Lazy is fine for a v1.
Idempotency
CDC can deliver the same transaction twice (Kafka retries, processor restarts). The stream processor must dedupe by transaction_id. Two patterns:
- Keep the last
last_seqprocessed in the same record. Skip anything ≤ that. - Use Flink exactly-once with checkpointing.

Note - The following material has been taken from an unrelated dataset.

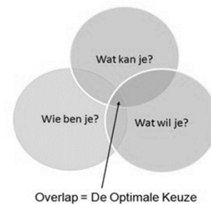
Afb. 1. Kernvragen

Om jezelf te leren kennen, is het van belang dat je een realistisch beeld hebt van jezelf, dat je weet wat je interessant vindt en wat jou motiveert. De kernvragen die hierbij horen zijn 'Wie ben je?', 'Wat kun je?' en 'Wat wil je?' (zie afbeelding 1). Bij het 'zijn' gaat het om persoonlijke eigenschappen als nauwkeurigheid en of je je gemakkelijk aan kunt passen aan een situatie. Bij het 'kunnen' gaat het om vaardigheden en talenten. Ben je bijvoorbeeld goed met cijfers of kun je makkelijk voor een groep spreken? Tot slot gaat het bij 'willen' om je toekomstige ambities. Waar zie jij jezelf later werken en aan welke voorwaarden moet jouw ideale baan voldoen? De beste match, is die studie of baan waar de meeste van deze punten samenkomen.

Either way, the rule is: applying the same transaction twice produces the same total once. This is the same idempotency rule from Problem 9, just inside a streaming processor.
Why not query the warehouse directly?
- Warehouse query latency is seconds, not milliseconds.
- Warehouse is not built for thousands of concurrent point reads.
- Cost scales with reads. Each widget render would cost real money at 5 million daily active users.
The warehouse is still part of the picture, but for analytics, disputes, and historical reports, not for the live widget.
What the warehouse layer does
The same Kafka topic drains to S3 (Firehose) and then to BigQuery or Snowflake. The warehouse hosts:
- Full transaction history (years).
- Analytics: “average spend per customer per category.”
- Risk and fraud models.
- Customer support: “show me this user’s full statement.”
The widget never touches it.
Common mistakes interviewers want you to name
- Pointing the widget at the warehouse. Lots of teams try this. Latency, cost, and concurrency all bite.
- Recomputing the monthly total on every read (“aggregate the last 30 days from a transactions cache”). Even on a fast store, this is expensive at the first-of-month-just-after-payday spike.
- Forgetting to dedupe. CDC retries are normal. A doubled total is a customer complaint.
- Mapping changes that rewrite history. Surprising the user is worse than a bad mapping.
- No fallback for when the serving store is down. If the widget is critical, fall back to a stale cached number, not a spinner forever.
Bonus follow-up the interviewer might throw
“How would you make this work offline, when the phone has no network?”
Cache the last successful response on the phone with a short TTL (an hour). Show it with a small “as of 8:21” timestamp. The user sees their last known number instead of an error, and the freshness label is honest. When the phone reconnects, refresh in the background.